What the exercise asks =
Give all of the data again exactly as written, omitting every image.

Provided data =

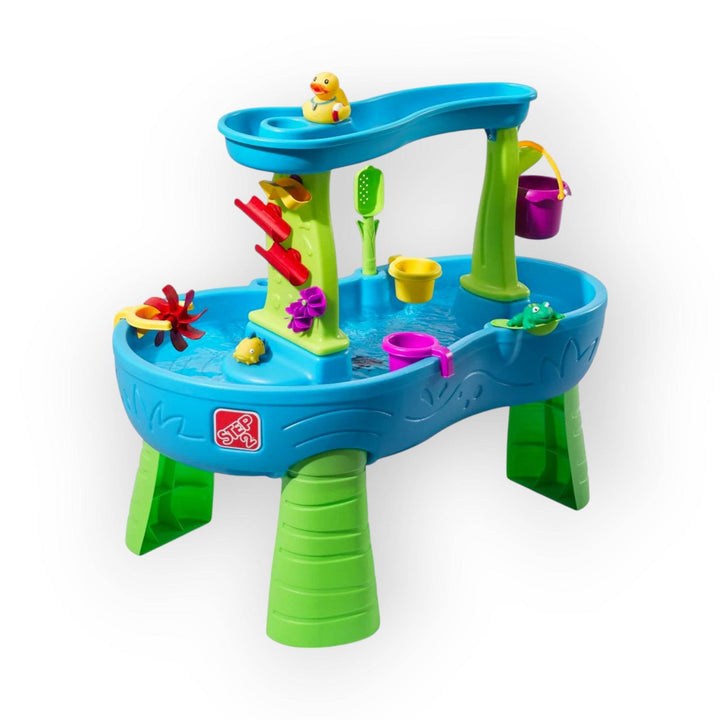 Create a mini water park right in your backyard with the Rain Showers Splash Pond Water Table by Step2. This two-tier toddler water table design creates a showering splash below! Just scoop up water from the pond and pour it into the top tray to make it rain. Watch as the rainfall activates the maze-like spinners and ramps, offering a fun way to explore cause and effect. From the side flipper to the put-and-place maze pieces, kids will have lots of splish-splash fun with the included water table accessories!
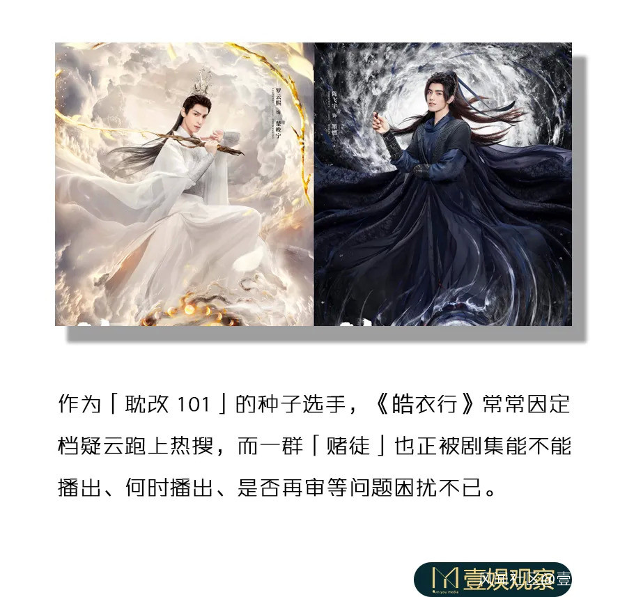 另外,播出平台騰訊視頻這邊,也存有《青簪行》《千古玦塵》《斛珠夫人》《鏡·雙城》等多部流量古偶劇,以及《殺破狼》《左肩有你》《張公案》等多部耽改劇,即使騰訊視頻對於《皓衣行》寄予厚望,但服務於會員的視頻網站首要原則是不能讓熱門內容出現空缺,誰能首先過審,誰就必然會搶佔平台先機,其餘只好繼續等待或延期。
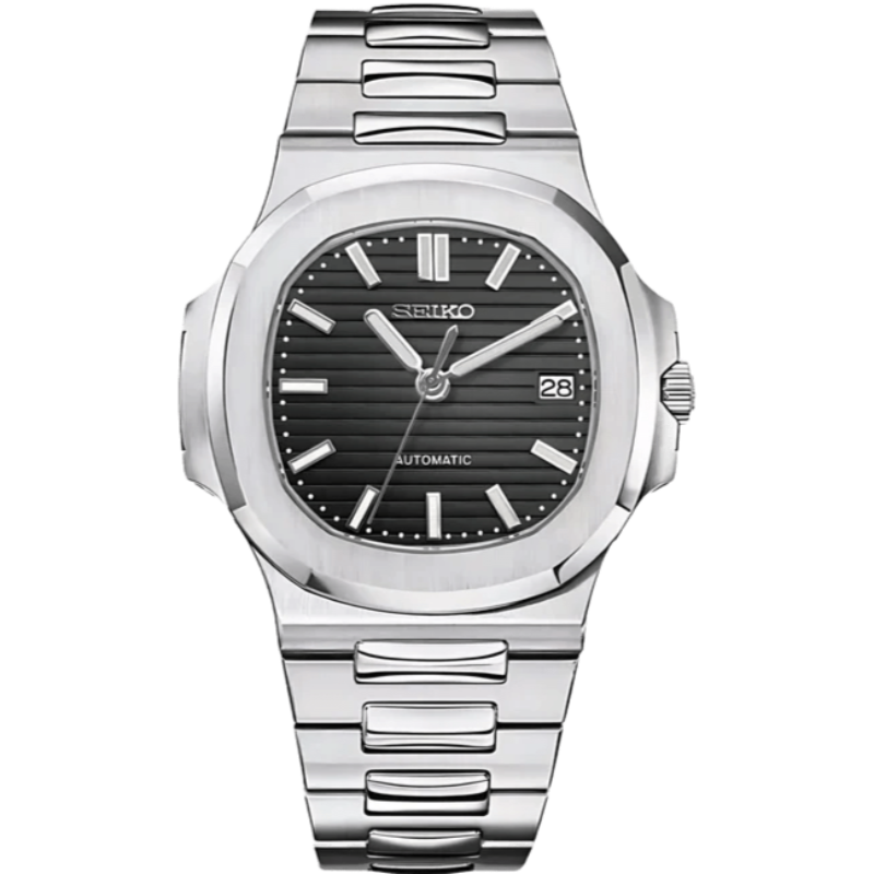 Inspiriert vom ikonischen Nautilus-Design, und ausgestattet mit dem renommierten automatischen Seiko NH35-Uhrwerk, präsentieren wir die Seiko Mod Nautilus. Eine 41 mm hochwertige Uhr, die die perfekte Allianz zwischen Exzellenz und Zugänglichkeit vereint.
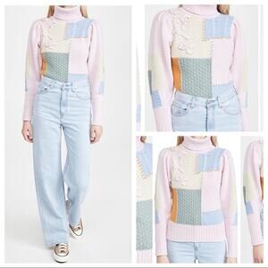 LoveShackFancy Allan Patchwork Turtleneck Sweater Pullover Size M in Autumn Fest Pink. LIKE NEW WORN ONLY ONCE!
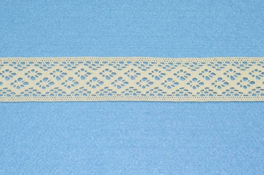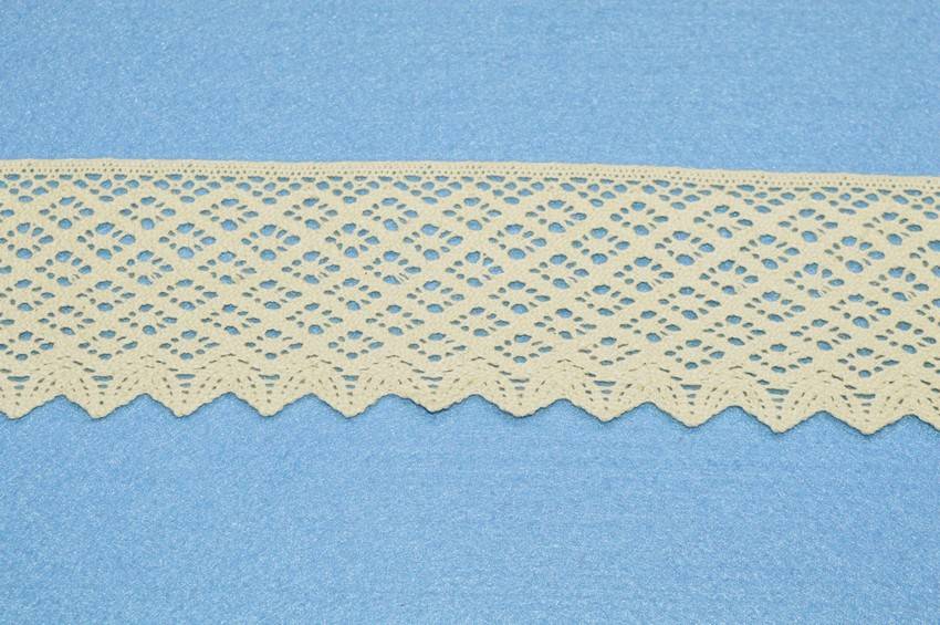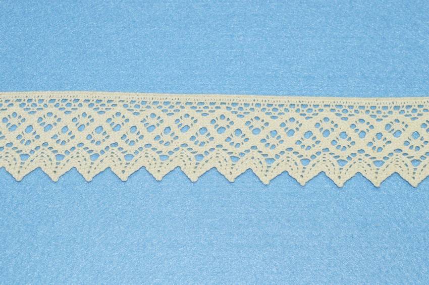 Pizzo in puro cotone panna con incasso da 4 cm e due finali abbinati, il primo alto 5,5 cm ed il secondo alto 7,5 cm. Tutti e tre gli articoli si possono acquistare separatamente.
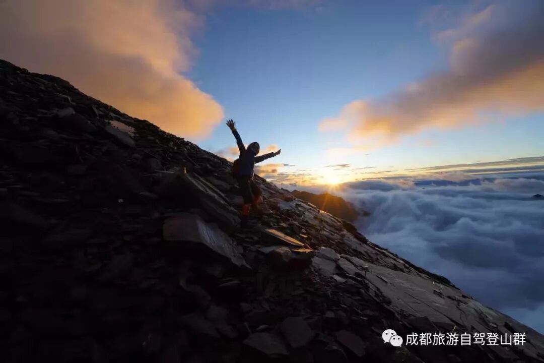(徒步时间大约10小时)凌晨4:00点早餐后出发,根据队员状态确定冲顶人员名单,在向导和协作的帮助下进行冲顶,状态好5个小时左右可以到达顶峰.庆祝留念后小心下撤,约需2-3个小时到达营地,大本营返回四姑娘山镇,返回成都结束本次四姑娘山登山活动;今日景点:峰顶美景、日出、高山草甸、高山灌木、牦牛群今日餐饮:早餐(大本营)、午餐(路餐自理)今日住宿:成都今日海拔:四姑娘山镇4300米——顶峰——四姑娘山镇3200米—巴郎山5040米—成都500米今日备注:大本营以下沿途均有手机信号温馨提示:返回成都正常时间为:19:00之前,(具体时间需根据队员下山速度、道路是否堵车,交通管制等不确定因素)建议提前预定或改签至第二天,带来不便还请谅解。

Answer to this task =
 Create a mini water park right in your backyard with the Rain Showers Splash Pond Water Table by Step2. This two-tier toddler water table design creates a showering splash below! Just scoop up water from the pond and pour it into the top tray to make it rain. Watch as the rainfall activates the maze-like spinners and ramps, offering a fun way to explore cause and effect. From the side flipper to the put-and-place maze pieces, kids will have lots of splish-splash fun with the included water table accessories!
 另外,播出平台騰訊視頻這邊,也存有《青簪行》《千古玦塵》《斛珠夫人》《鏡·雙城》等多部流量古偶劇,以及《殺破狼》《左肩有你》《張公案》等多部耽改劇,即使騰訊視頻對於《皓衣行》寄予厚望,但服務於會員的視頻網站首要原則是不能讓熱門內容出現空缺,誰能首先過審,誰就必然會搶佔平台先機,其餘只好繼續等待或延期。
 Inspiriert vom ikonischen Nautilus-Design, und ausgestattet mit dem renommierten automatischen Seiko NH35-Uhrwerk, präsentieren wir die Seiko Mod Nautilus. Eine 41 mm hochwertige Uhr, die die perfekte Allianz zwischen Exzellenz und Zugänglichkeit vereint.
 LoveShackFancy Allan Patchwork Turtleneck Sweater Pullover Size M in Autumn Fest Pink. LIKE NEW WORN ONLY ONCE!
 Pizzo in puro cotone panna con incasso da 4 cm e due finali abbinati, il primo alto 5,5 cm ed il secondo alto 7,5 cm. Tutti e tre gli articoli si possono acquistare separatamente.
(徒步时间大约10小时)凌晨4:00点早餐后出发,根据队员状态确定冲顶人员名单,在向导和协作的帮助下进行冲顶,状态好5个小时左右可以到达顶峰.庆祝留念后小心下撤,约需2-3个小时到达营地,大本营返回四姑娘山镇,返回成都结束本次四姑娘山登山活动;今日景点:峰顶美景、日出、高山草甸、高山灌木、牦牛群今日餐饮:早餐(大本营)、午餐(路餐自理)今日住宿:成都今日海拔:四姑娘山镇4300米——顶峰——四姑娘山镇3200米—巴郎山5040米—成都500米今日备注:大本营以下沿途均有手机信号温馨提示:返回成都正常时间为:19:00之前,(具体时间需根据队员下山速度、道路是否堵车,交通管制等不确定因素)建议提前预定或改签至第二天,带来不便还请谅解。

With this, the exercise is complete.